A method (100) for controlling a drive unit (210) in a vehicle (200),

wherein the method (100) comprises at least a first and a second monitoring function for avoiding unwanted movements of the vehicle

and the vehicle (200) comprises surroundings detection means (220) for observing the environment of the vehicle (200),

with the steps:

- evaluating (120) a signal of the environment detection means (220) and in

Dependence of the evaluation of the signal of the environment recognition device (220)

- Execute the first monitoring function (130) or

- Execute the second monitoring function (140).

2. The method of claim 1, wherein

evaluating (120) the signal of the environment recognition device (220) comprises detecting whether an obstacle is within a predeterminable distance,

and executing (130) the first monitoring function takes place if no obstacle is detected and

an execution (140) of the second monitoring function takes place if an obstacle is detected.

3. The method according to any one of the preceding claims,

wherein the first monitoring function and the second monitoring function differ, wherein in particular the execution (140 .. 170) of the second monitoring function comprises at least one additional method step compared to executing (130) the first monitoring function.

4. The method according to any one of the preceding claims, characterized in that

the execution (140 .. 170) of the second monitoring function comprises a further method step:

- Setting a special state of the vehicle.
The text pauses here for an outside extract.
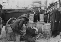U.S. Marshal destroying worm-infested currants and raisins seized in Washington, D.C., bakeries, photograph, November 20, 1909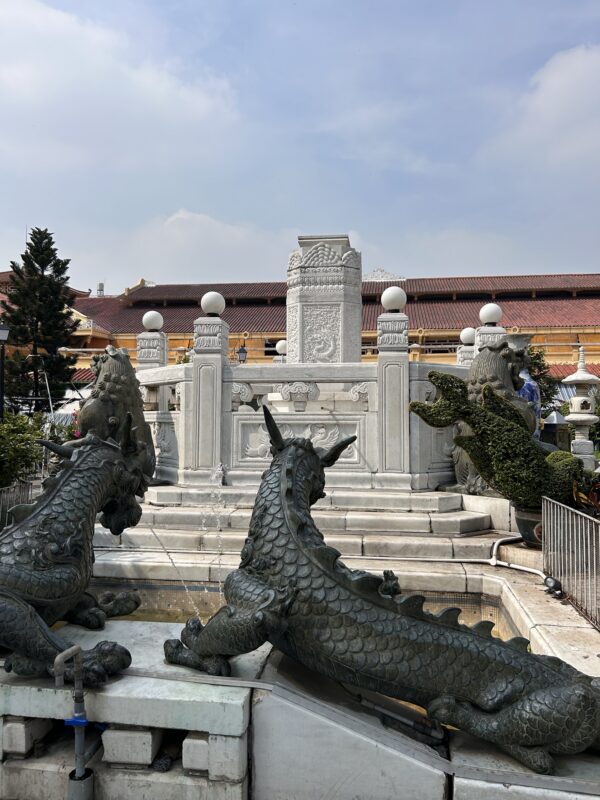 The only planned stop we have today, is the Binh Tay market, near Saigon’s Chinatown. We hop off, in the middle of a street, and have to weave in between mopeds and motorbikes to get to the entrance. This place is just as packed as the Ben Thanh market close to our hotel, but in a square building with a square plaza in the middle, which forces a different type of organization, as well as a confusing sort of aesthetic, as all four entrances and exits look identical from in the middle of the plaza…

5. The method according to claim 4, characterized in that the special state comprises a deactivation of the drive train, an opening of a transmission clutch, stopping the creep function and / or an active braking of the vehicle.

6. The method according to any one of the preceding claims,

characterized in that the method (100) is performed only within a predeterminable speed range of the vehicle.

7. The method according to any one of the preceding claims,

characterized in that the method (100) is performed only in the presence of specific traffic situations.

8. The method according to any one of the preceding claims, wherein the environment detection means (220) comprises a sensor, in particular a driver assistance system, in particular a radar sensor, ultrasonic sensor, laser sensor or a camera.

9. Computer program that is set up, the procedure according to one of

Claims 1-8 execute.

10. A machine-readable storage medium on which the computer program according to claim 9 is stored.

11. Device (230) for controlling a drive unit (210) in a vehicle (200), wherein the vehicle (200) comprises an environment detection device (220) for observing the environment of the vehicle (200), wherein the device (230) is arranged is

to evaluate a signal of the environment detection device and depending on the evaluation of the signal of the environment detection device (220) to perform a first monitoring function or a second monitoring function to avoid unwanted movements of the vehicle.

12. powertrain (250) of a vehicle with a drive unit (210) and a device (230) according to claim 11 (200) with a drive train (250) according to claim 12.